Gary Oldman on Air Force One

Harrison Ford (born July 13, 1942) is an American actor, pilot, and environmental activist.

Born in Chicago, Illinois, he spent his early acting career in a degree of minor roles while working as a carpenter. In fact, he was so successful as a contractor he would pick and choose movies versus carpentry projects, the latter of which included creating a massive customized bookshelf for Francis Ford Coppola's home office. Thanks to his friend, casting director Fred Roos, his earliest notable film work was in George Lucas' American Graffiti and The Conversation, directed by Coppola. Later he came in to read lines for Lucas' next project, a Space Opera titled Star Wars. Steven Spielberg persuaded Lucas to cast him as Lovable Rogue Han Solo.

The rest, as they say, is history.

Following Star Wars, Ford was kept pretty busy with smaller films, as soon was cast as Adventure Archaeologist Indiana Jones in the Lucas-produced and Spielberg-directed Raiders of the Lost Ark (after original choice Tom Selleck was unable to get released from his Magnum, P.I. contract). It became the biggest box office hit of 1981 and cemented him as an A-List star. With Indy, it made him one of the few actors who are recognizable for two incredibly iconic movie characters. He followed up with three more Star Wars films and three more Indiana Jones films. In 1982 he starred in Ridley Scott's "future noir", Blade Runner, which initially lost money and received mixed reviews but has since become one of the critical darlings of the 1980's and has achieved a cult following.


Much of his career in The '80s and The '90s was as Badass Bookworm and Badass Bureaucrat characters. In 1985 he played a cop hiding among the Pennsylvania Amish in Witness. It earned him his first and so far only Academy Award nomination for Best Actor. Witness was directed by Peter Weir, who next made The Mosquito Coast with Ford. Based on the Paul Theroux novel about an American inventor who uproots his family to live in a Central American jungle, it also starred Helen Mirren and River Phoenix as his wife and eldest son. It was followed by Frantic, a thriller set in Paris directed by Roman Polański, a supporting role in Mike Nichols' comedy Working Girl, and the Courtroom Drama Presumed Innocent by Alan J. Pakula.

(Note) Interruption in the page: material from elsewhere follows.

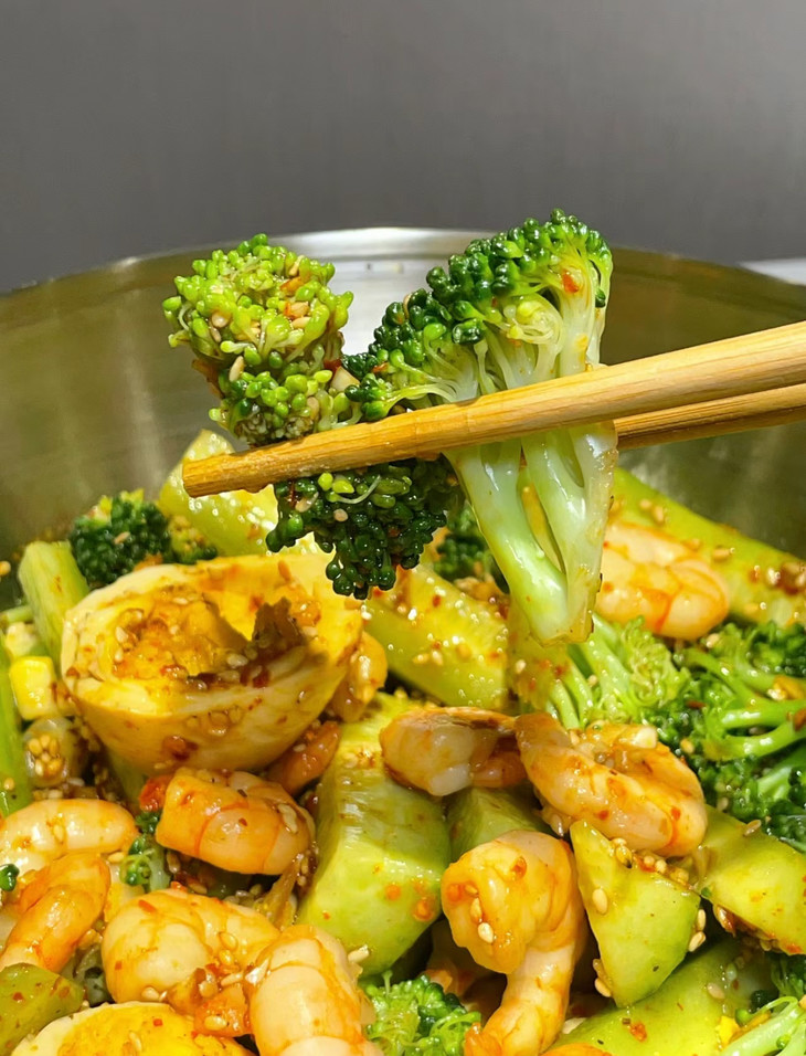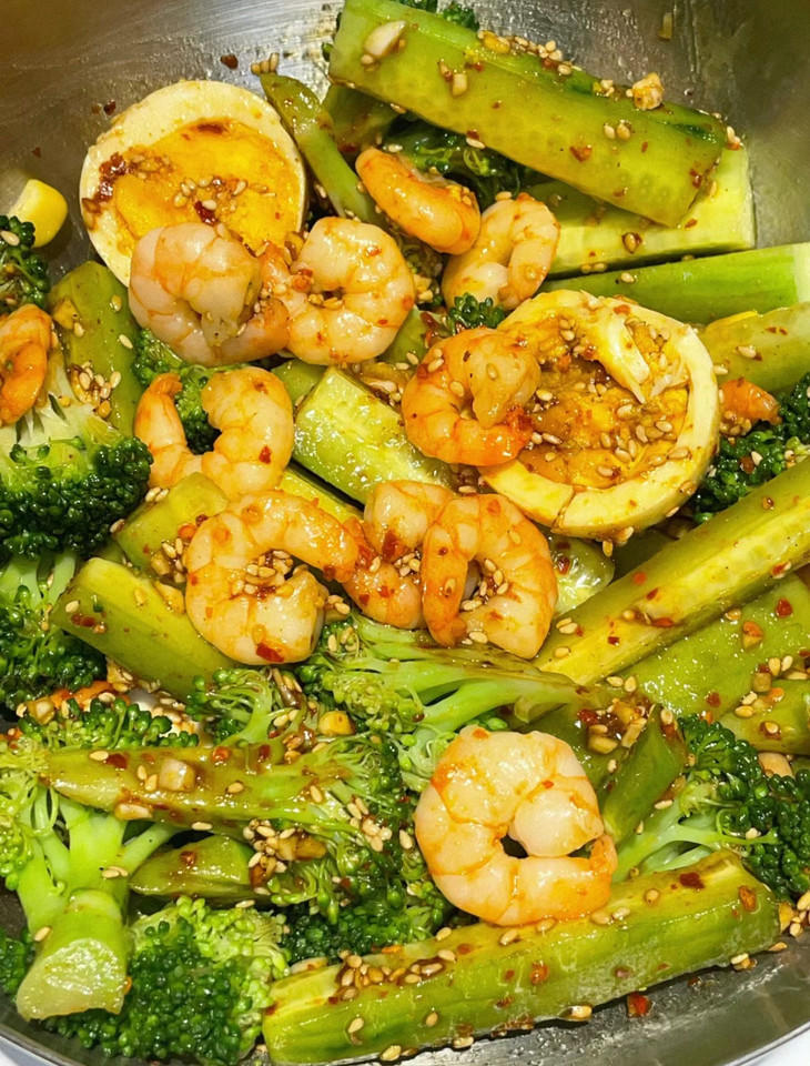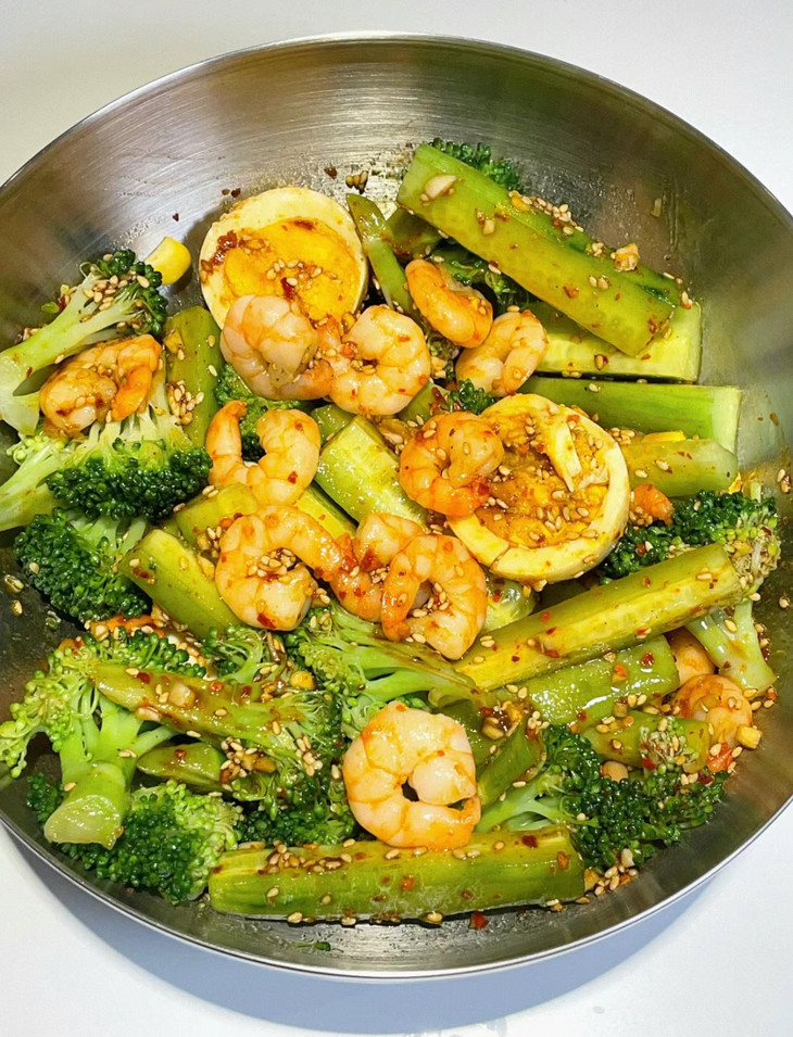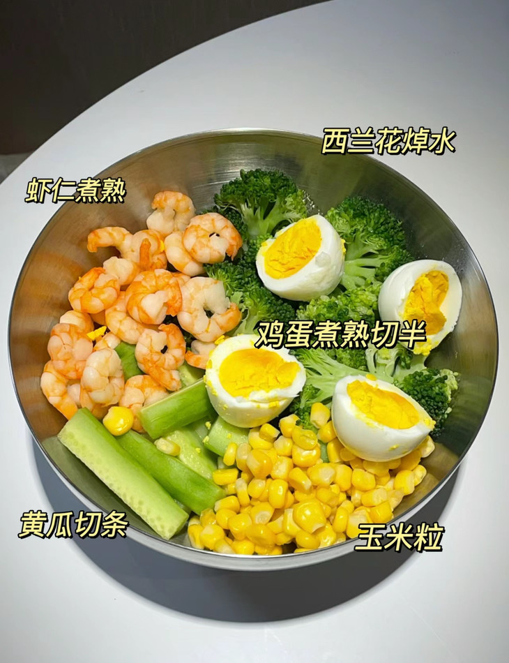 西兰花、虾仁、鸡蛋、玉米粒、黄瓜

Ford has become a very bankable actor (his work across 36 films has grossed a total of $3.6 billion; he was statistically the most bankable actor for many years until Tom Hanks and Samuel L. Jackson surpassed his numbers, though he regained the honor after the spectacular success of The Force Awakens), starring in many famous and successful films, including The Fugitive and Air Force One. He took over the Tom Clancy character Jack Ryan from Alec Baldwin (for The Hunt for Red October) in Patriot Games and Clear and Present Danger.


While no longer headlining those big movies nearly every year as he once did, he can still be seen frequently in newer films, experimenting with character-pieces alongside the big blockbusters. But he has no intention of stopping, even well into his 70's.

Once married to Melissa Matheson, screenwriter of E.T. the Extra-Terrestrial. Ford is currently married to Calista Flockhart (Ally McBeal, Brothers & Sisters, and Supergirl, with the latter featuring her character annoyed that Ford keeps hitting on her despite being someone). He has a ranch in Wyoming and is a licensed pilot, at least twice used his helicopter to rescue hikers in distress. In 2015 he was injured when he crashed a World War II vintage plane onto a golf course (an investigation by the NTSB later revealed that Ford was trying to make an emergency landing after his plane lost power). Jokes about piloting the Millennium Falcon or Air Force One were made. It has been noted by many individuals that while he is a friendly guy he is actually rather quiet and reserved in real life, contrasting the roguish and charismatic characters he plays.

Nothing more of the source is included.